Однажды днем ветер был прохладным, так как дул с северо-северо-запада; затем, задолго до своего часа, солнце исчезло за завесой. Ветер стих вместе с солнцем. Мир был без движения, если не считать ленивого и далекого блеска прибоя на отмели. Море имело блеск тусклого металла. Далекие мысы были лишь слабыми очертаниями, и они могли бы парить в вышине, ибо под ними было столько же света, сколько над ними. Пароход проходил от одного мыса к другому, но плыл ли он по небесам к другой планете или направлялся в Америку, сказать было трудно. Облаков не было. Был только смутный свет, который был одновременно и морем, и небом. В этом неопределенном западе, где тогда должно было садиться солнце, была группа маленьких жемчужных островов, не отмеченных на карте, где не должно было быть никаких островов. Они были слишком высокими и мягко светящимися, чтобы быть от мира сего; они плавали в угрожающей кобальтовой тьме. День был ощутимым присутствием, но призрачным; и я хотел бы угадать его происхождение и почему он стоял над нами, бледный и безмолвный, пока мы в страхе ждали слова, которое не прозвучало.

V

На берегу дюн, что напротив Бурры через эстуарий, лодки почти никогда не пристают. Там отмели, столкновение приливов и течений, а затем прибой. И зачем лодке переправляться? Там нет ничего, кроме маяка и песка. Также нелегко подобраться к нему с обитаемой земли на востоке, ибо после долгого и извилистого пути на пароме и по дороге, чтобы избежать морского рукава, вы сначала сталкиваетесь с трудностями болот и дамб, а затем с областью дюн. Это путешествие занимает все лучшее время дня, ибо вы не смогли бы спешить, даже если бы знали каждый ярд пути, чего никто не знает; а затем, однажды попав в яркость и тишину пустыни песчаных холмов, потребность спешить забывается.

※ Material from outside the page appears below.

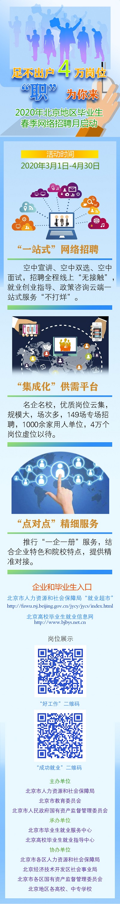 央廣網(wǎng)北京2月29日消息(記者劉一荻)記者今日(29日)獲悉,為做好疫情防控期間北京地區(qū)2020屆畢業(yè)生就業(yè)工作,北京市人力資源和社會(huì)保障局、市教委和市國(guó)資委聯(lián)合舉辦“2020年北京地區(qū)畢業(yè)生春季網(wǎng)絡(luò)招聘月活動(dòng)”。活動(dòng)將于3月1日啟動(dòng),持續(xù)2個(gè)月,預(yù)計(jì)將有千余家用人單位推出4萬(wàn)余個(gè)畢業(yè)生就業(yè)崗位。

Это один из тех дней с лучшим светом, когда ваша лодка пристает к тому берегу. Вы можете начать прогулку по пляжу вдоль твердого влажного песка у прибоя, но не сможете удержаться на нем. Что-то, что зовет, какой-то странный предмет среди выброшенного на верхнюю часть пляжа мусора, влечет вас к дюнам. Вам показалось, что это похоже на спящего человека с темным одеялом поверх него; но это оказался лишь короткий кусок корабельного рангоута, покрытый фукусом. Возврата тогда уже нет. Как только вы достигаете этой линии мусора, это путь, которому вы следуете, послание, которое пытаетесь прочитать. Впрочем, запутанная история, состоящая из слов из многих историй, разделенных, частично стертых, перемешанных вмешательством штормов и неуместно вплетенных в одно длинное извилистое предложение, которое тянется до точки, где берег поворачивает за угол; и оттуда, когда вы достигаете этой точки, продолжается к следующей. Он состоит из ракушек, брошенных деревьев, кустарников, которые принесло с берегов, о которых мог догадаться только ботаник, досок и обломков кораблекрушений, пряжи и веревок, бутылок, перьев, панцирей крабов и морских ежей, и пробок, все это переплетено с водорослями в бесконечный канат. Иногда он проходит через черные ребра старого затонувшего корабля.

Возможно, после морских водорослей в его составе больше пробок, чем чего-либо другого. Изобилие пробок на этом пустынном берегу, ибо их можно найти в начале каждой миниатюрной лощины песчаных холмов, большинство из них старые и выбеленные, но некоторые настолько свежие, что легко прочитать оттиск виноделов на их печатях, предполагает, что самая заметная черта человека — это жажда. Если судить по свидетельствам на этом пляже, то жажда — главный человеческий атрибут. В этой жизни мы могли бы большую часть времени быть заняты питьем из бутылок. Примеры бутылок тоже здесь. Археологи будущего найдут наши долговечные бутылки и пробки вместе, и они обнаружат путем экспериментов, что пробки часто подходят к бутылкам, и они сделают вывод, что и то, и другое использовалось, по всей вероятности, вместе. Но по какой причине? Археологам в бутылках не останется ничего, кроме грязи. Мы иногда наблюдаем сегодня, как ученый человек по фрагментарным свидетельствам создает удивительную картину прошлого. Я чувствую, что мне понравилось бы вернуться через несколько тысяч лет, чтобы услышать, как другое ученое существо, со столом перед ним, покрытым черепками и пробками наших лет — на одном почти идеальном экземпляре выбито таинственное слово BOLS — объясняет своей завороженной аудитории, какими, по его уверенности, основанной на реликвиях перед ним, на которые он потратил лучшие годы своей жизни, были таинственные люди нашей эпохи.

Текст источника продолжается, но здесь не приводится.